My mom said that one time in the middle of the twentieth century and towards the 70’s some olden people actually and truly came to their senses and try to yell loud at all the “sleeping fools,” my mom says.  She says that she read all about them in college and always wondered why they quit yelling.  She says that groups of good people would get together all down in history, but that as soon as they had “achieved their one objective goal,” they would trickle down and eventually dry up.  She talks about the Suffering Jets and the Bowling Litionists and the New York Peace Knicks and that they all lost their momentum in the end.

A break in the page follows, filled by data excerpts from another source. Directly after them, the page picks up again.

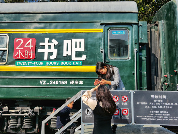 网红24小时书吧,由几节柳州自己制造的也曾经使用过的火车车厢改造而成,由于疫情的原因并没有开放,但阻挡不住成群结队的妹子赶来拍照留影。↓
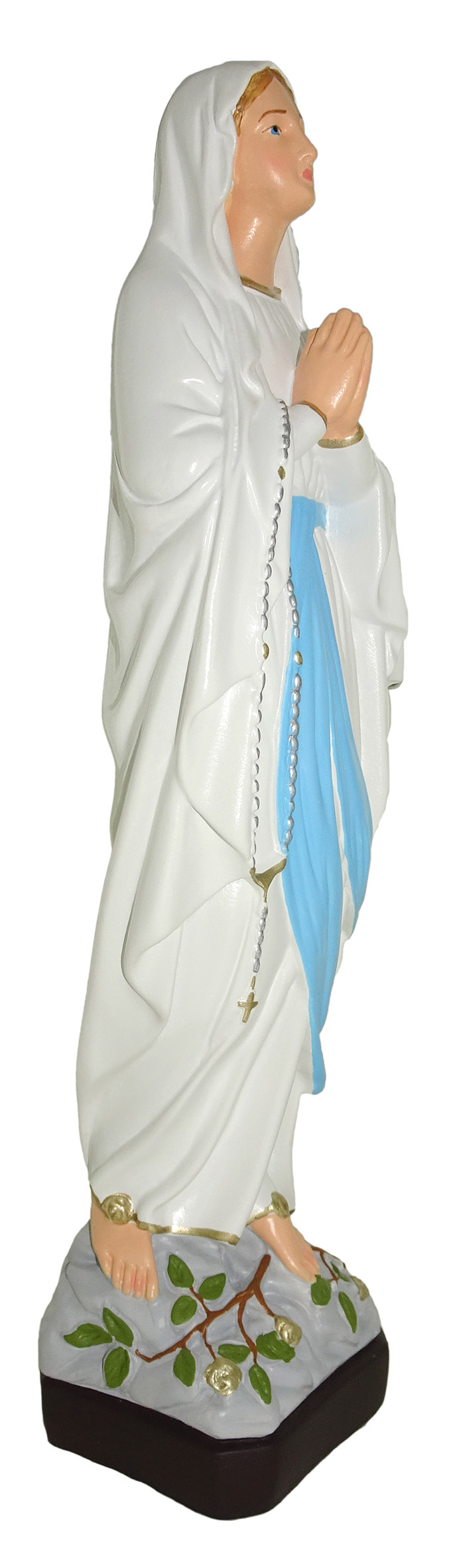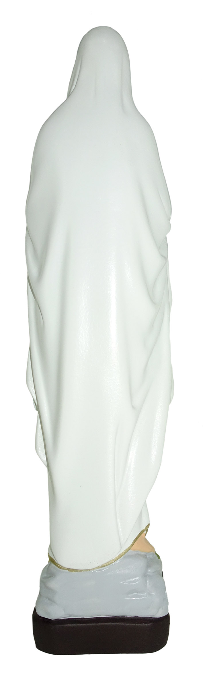 La statua, in materiale infrangibile tipo gomma, raffigura la Madonna Madonna di Lourdes ed è dipinta a mano. Grazie al materiale di cui è fatta e alla resistenza che la caratterizza, è adatta all'uso esterno, come in giardini e nicchie all'aperto. Può essere esposta anche alla pioggia.
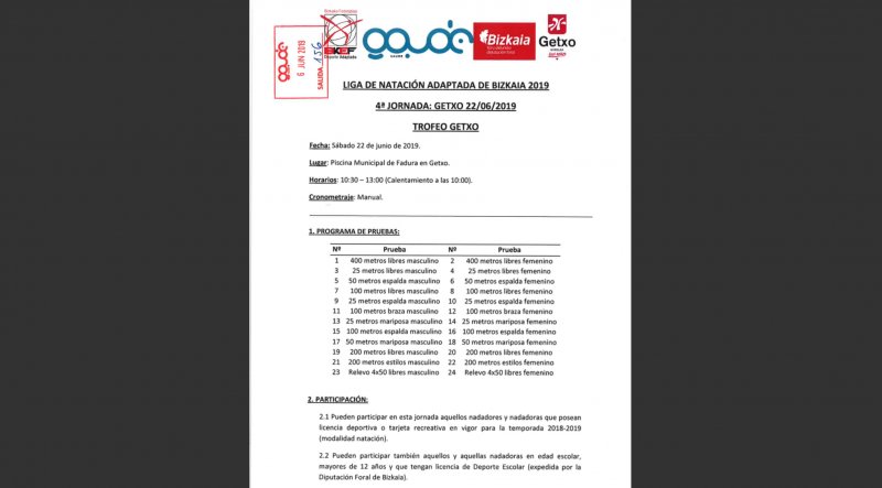 4ª Jornada de la liga de Natación Adaptada FDAB-BKEF 2019
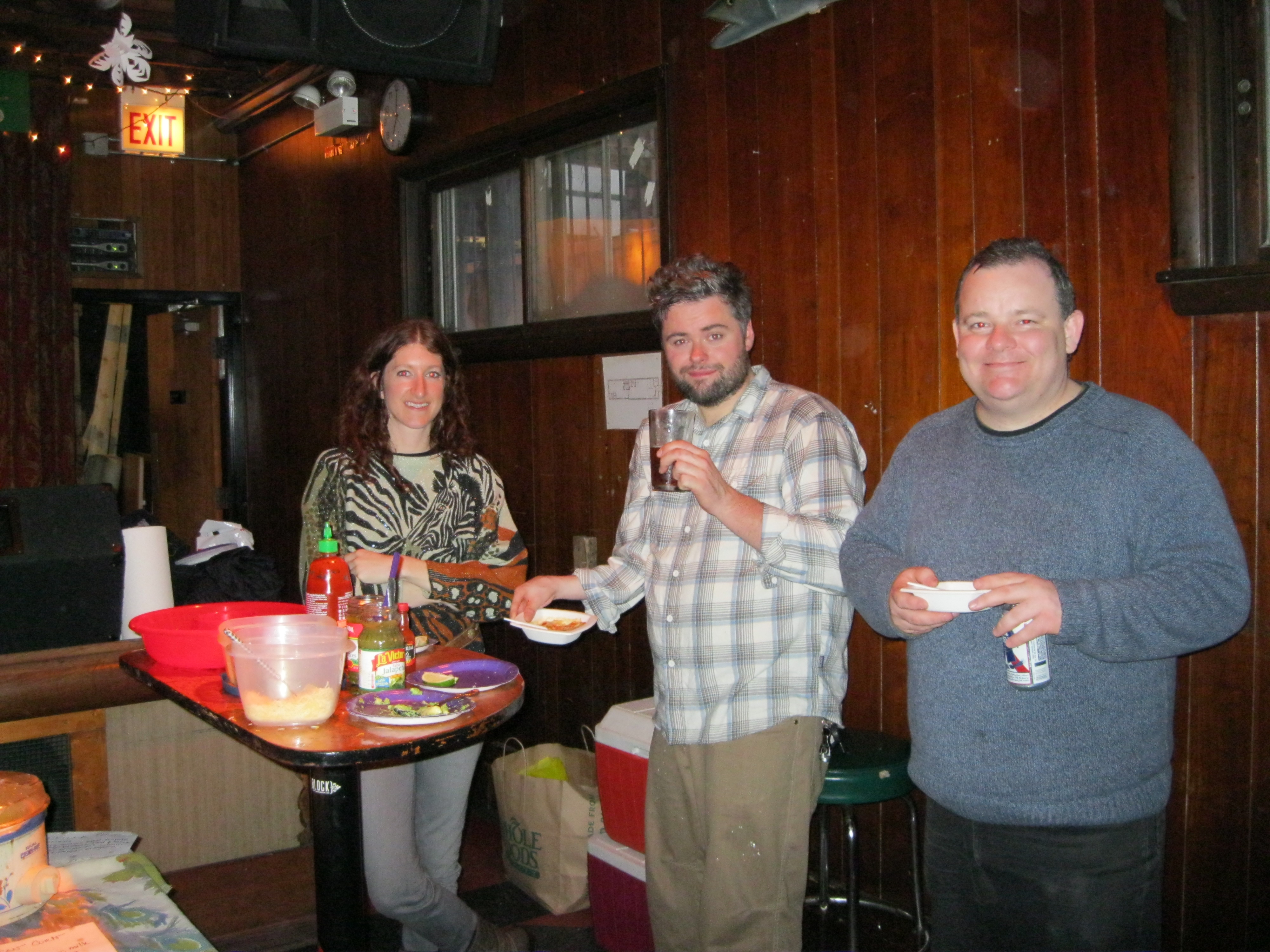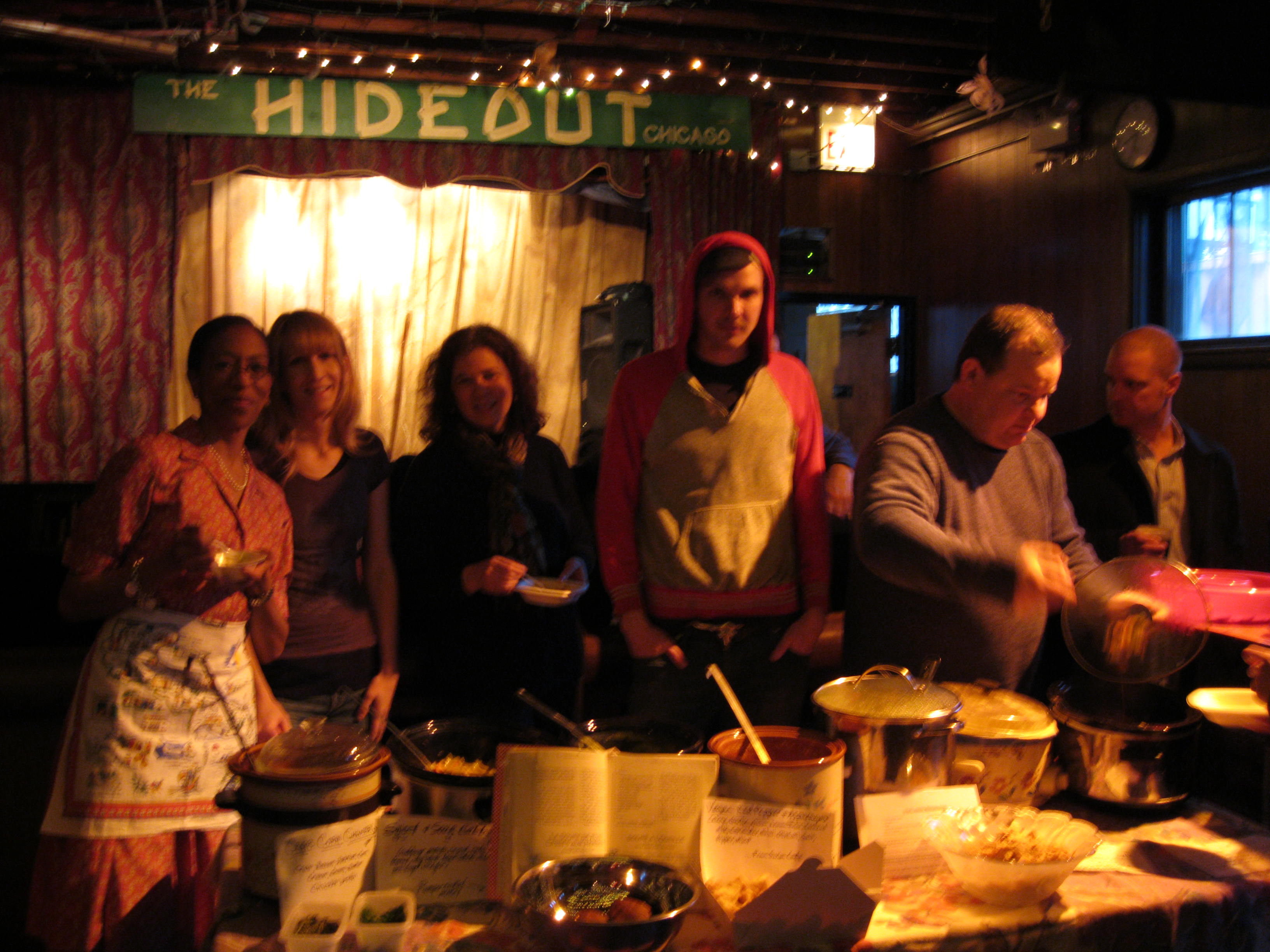 Next to Terra is Drew, an emissary from Swim Cafe, which provided a really amazing vegan red pepper soup made with asparagus and sweet coconut milk. People are clamoring for this recipe, Karen! And over there on the end, and above in close up, is the crew from Hard Boiled Records in Roscoe Village. Sadly, I cannot remember everyone’s name. But owner Mark Ferguson (above, right) rounded up a posse to cook and help serve their Mexican corn soup and a last-minute tortilla soup, made after a beef stew went south in a horrible accident of salting. They also raised the bar for garnishes; we had to annex an extra cafe table to hold all the cheese, cilantro, and tortillas!
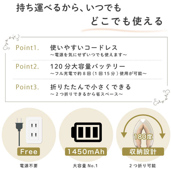 持ち運べるから、いつでもどこでも使える!連続120分使用可能。外出や出張でも充電長持ち!
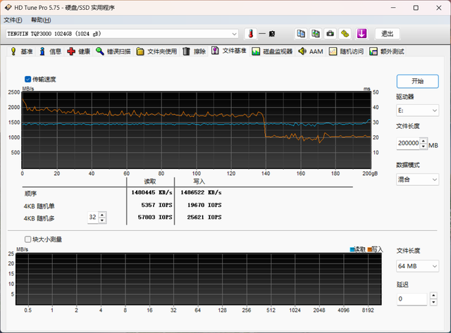 HD Tune进行200GB文件写入量测试,顺序读取速度1480MB/s,顺序写入速度1486MB/s,曲线平稳。
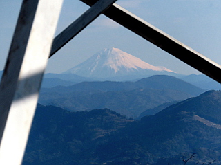 | 372.9m三角点 | 富士見岩山頂 | 山頂の送電線鉄塔越しに見る富士山 |
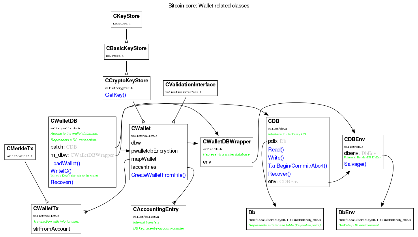 Classes shown: CKeyStore, CBasicKeyStore, CCryptoStore, CValidationInterface, CMerkleTx, CDB, CWalletDB, CWallet, CWalletDBWrapper, CDBEnv, CWalletTx, CMerkleTx, CAccountingEntry
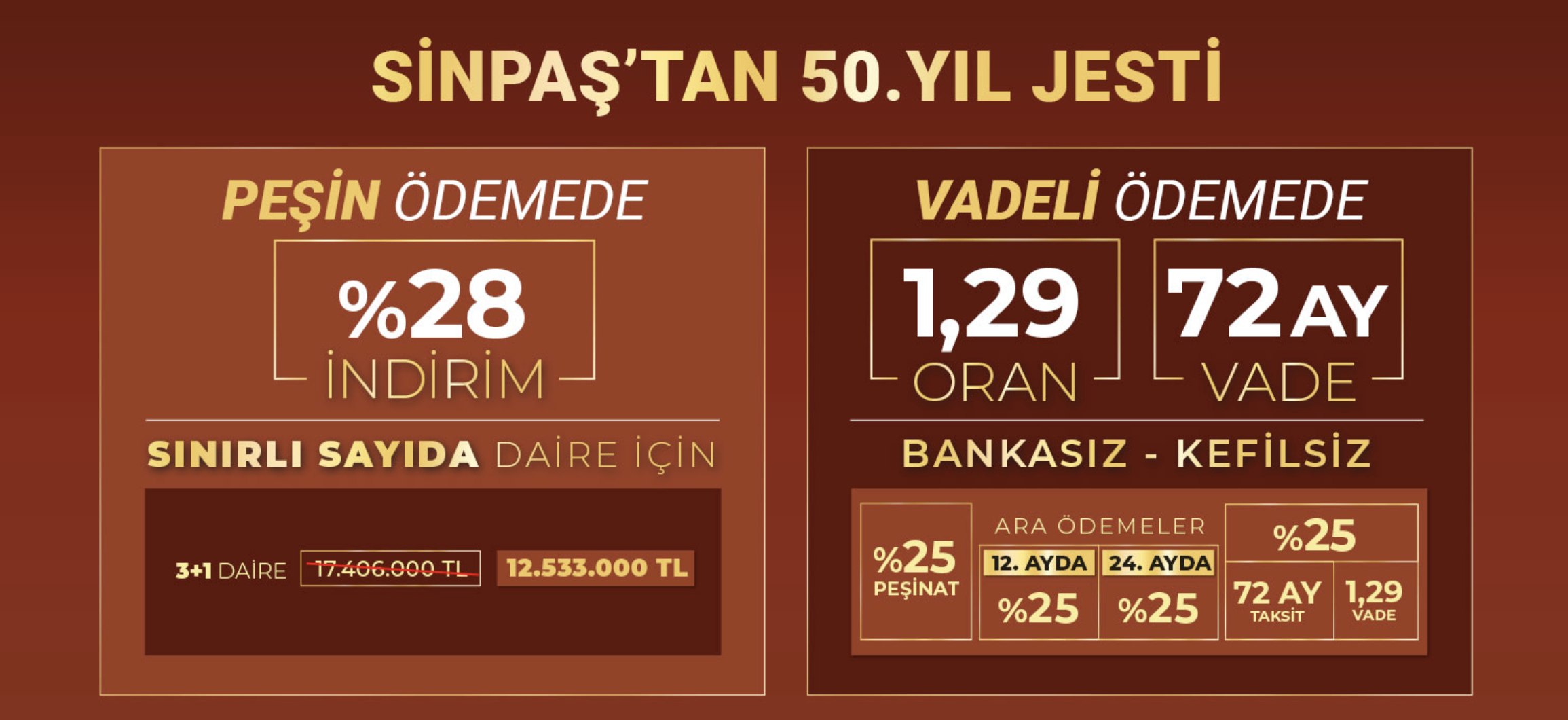 Sinpaş’ın 50. Yıl Jesti kapsamında Boulevard Çankaya projesinde yer alan sınırlı sayıda 3 oda 1 salon konutlar 17 milyon 406 bin TL yerine 12 milyon 533 bin TL’ye satılıyor.

Anyway, my mom says that HER theory of what in HELL happened to people is they had plenty of guilt, but no feeling of responsibility to go along with it.  Like they felt bad about their “sins of omission” and all, and they hung their heads about it, but what it REALLY was, was just “crocodile tears.”  Like they would say, “Gee, I feel SO guilty, but gee, if I felt guilty about every bad thing in the world I wouldn’t be able to SLEEP at night and my face would break out and I wouldn’t be having FUN and stuff.”  Like they had a mental maturity age “of about three,” my mom says.